Professeure d’histoire américaine à l’université de Chicago, Kathleen Belew est l’une des meilleures spécialistes des mouvements d’extrême droite. Elle est notamment l’autrice de Bring the War Home : The White Power Movement and Paramilitary America (« Ramener la guerre à la maison : le mouvement du “pouvoir blanc” et l’Amérique paramilitaire », Harvard University Press, 2018, non traduit), qui dissèque les caractéristiques du « white power », courant hétérogène au rôle central dans cette promotion de la violence armée.
Que retenez-vous de l’assaut mené contre le Capitole, le 6 janvier 2021, par des partisans de Donald Trump, visant à empêcher la certification des résultats de l’élection présidentielle ?
Cette journée peut être vue comme le point de rencontre entre trois courants extrémistes politiques organisés. Le premier constitue la base des supporteurs de Donald Trump, dont une partie était là pour lui exprimer son soutien. Le deuxième est QAnon, mouvement multiforme reprenant une théorie conspirationniste faite de vieilles idées, telle la cabale imaginaire fomentée par les élites contre les femmes et les enfants. Ce qui est nouveau, avec QAnon, c’est la vitesse et l’intensité de sa radicalisation. Le troisième est le militantisme white power.
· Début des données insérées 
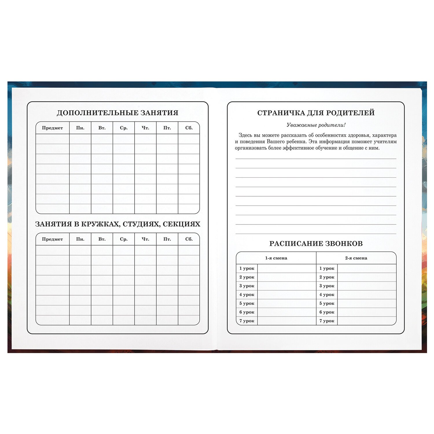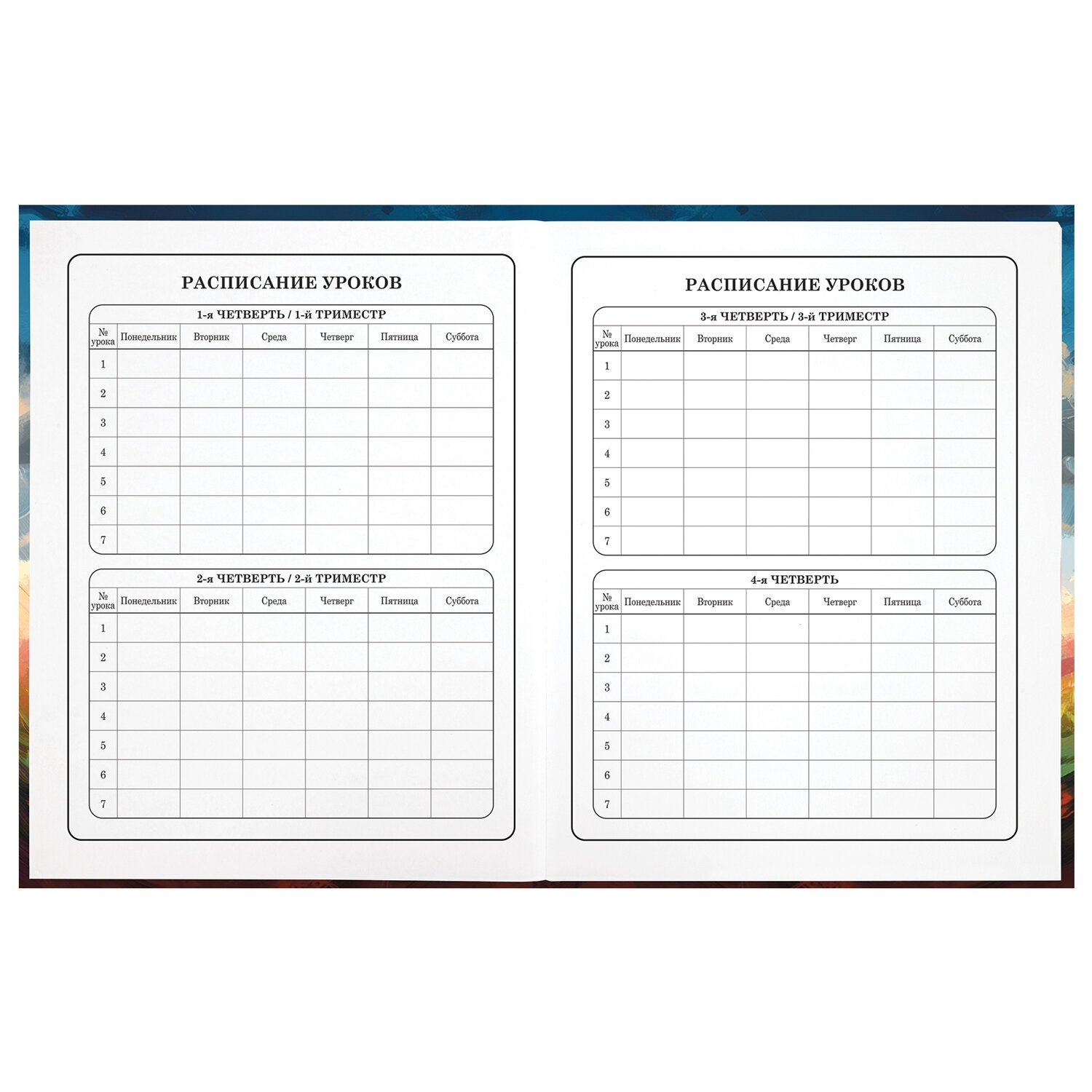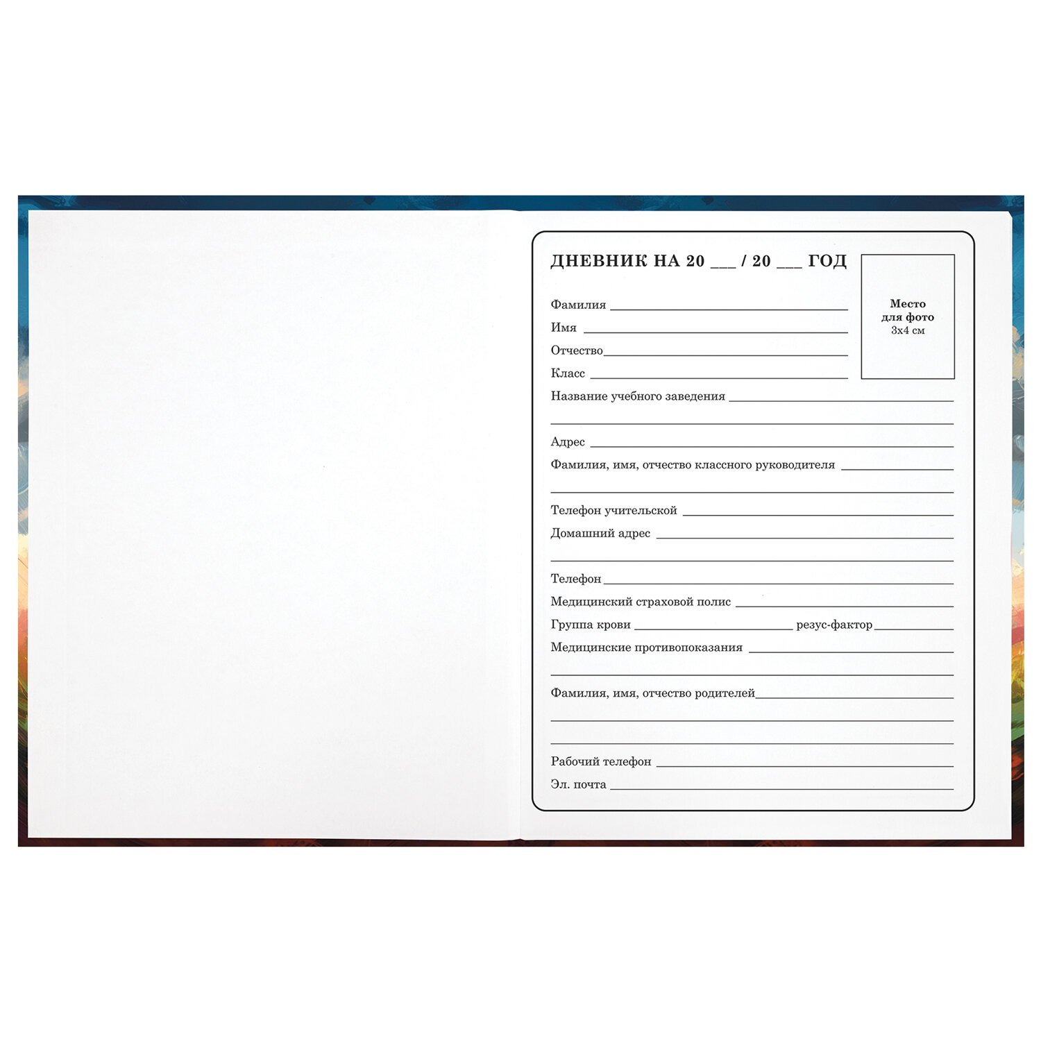 Внутренний блок содержит 48 листов офсетной белой бумаги плотностью 60 г/м2. Дневник снабжен полезным справочным материалом для учащихся.

Même s’il représente une petite fraction des personnes impliquées dans l’insurrection du 6 janvier, ce courant est très organisé, avec des camps d’entraînement, des infrastructures, des armes… Il n’est pas nouveau, il est même bien documenté, mais longtemps, les autorités n’ont pas su y faire face. La rencontre de ces groupes a conduit à la mutation d’un moment d’intensité radicale en quelque chose de plus pérenne.
Pourriez-vous définir le mouvement white power, son organisation et ses méthodes ?
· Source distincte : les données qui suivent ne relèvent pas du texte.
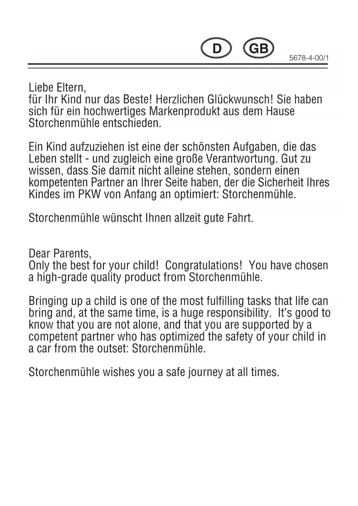 für ihr Kind nur das Beste! Herzlichen Glückwunsch! Sie haben sich für ein hochwertiges Markenprodukt aus dem Hause Storchenmühle entschieden.
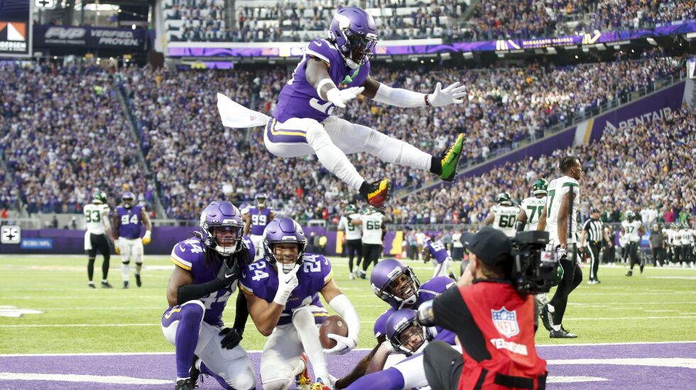 Seven of his first eight passes were incomplete, but he found his rhythm on one of Minnesota’s hardest-earned touchdown drives of the season. Gardner and fellow cornerback D.J. Reed were all over Jefferson, but he drew a holding penalty on each of them during the 14-play march when he ran the ball twice. Most important was his over-the-middle catch before safety Jordan Whitehead leveled him with a hit flagged for unnecessary roughness. Cook scored on the next play from the 4.
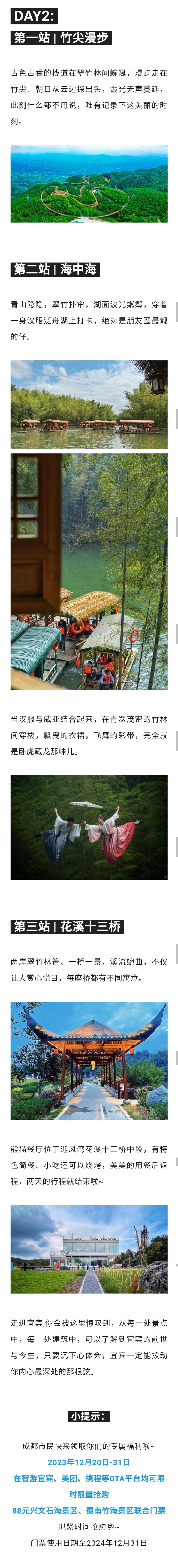 四川新闻网消息 宜宾,是一座充满诗情画意的城市!将长江水之美与当地的风土人情演绎到了极致,是一个让人无限向往的城市,直达宜宾的成宜高铁正式开通!成都的小伙伴们注意啦!兴文石海、蜀南竹海联票特惠来袭~2023年12月20日-31日在各大OTA平台均可限时限量抢购!让我们一起打卡宜宾吧!

Il s’est formé après la guerre du Vietnam [1955-1975] autour de l’idée de trahison et d’échec du gouvernement fédéral, en rassemblant des groupes qui s’étaient pourtant affrontés par le passé : néonazis, membres du Ku Klux Klan (KKK), résistants radicaux aux impôts, disciples fiévreux de l’identité chrétienne… Puis, dans les années 1980, le mouvement s’est étendu à certains skinheads, à la droite radicale et à de larges parties des milices privées. C’était un mouvement social très diversifié, à la marge, présent dans chaque région américaine avec de solides bases dans les zones rurales et périurbaines.
Le white power s’est organisé en cercles concentriques, capables d’influencer le courant politique traditionnel. Les idées partent du noyau et pénètrent les cercles suivants. Ce noyau est constitué d’environ 25 000 militants endurcis, selon une estimation datant des années 1990. Ces gens vivent pour et par le mouvement, fréquentent des églises white power, dorment chez d’autres militants quand ils voyagent. Ensuite, à l’extérieur, il y a entre 150 000 et 175 000 individus qui participent à des rassemblements et à des marches, font des donations, souscrivent des abonnements à des journaux spécialisés radicaux. Un troisième cercle rassemble environ 450 000 personnes, qui ne s’abonnent pas à ces publications mais les lisent régulièrement, qui ne participent pas à des meetings mais parlent souvent avec des gens qui pensent comme eux.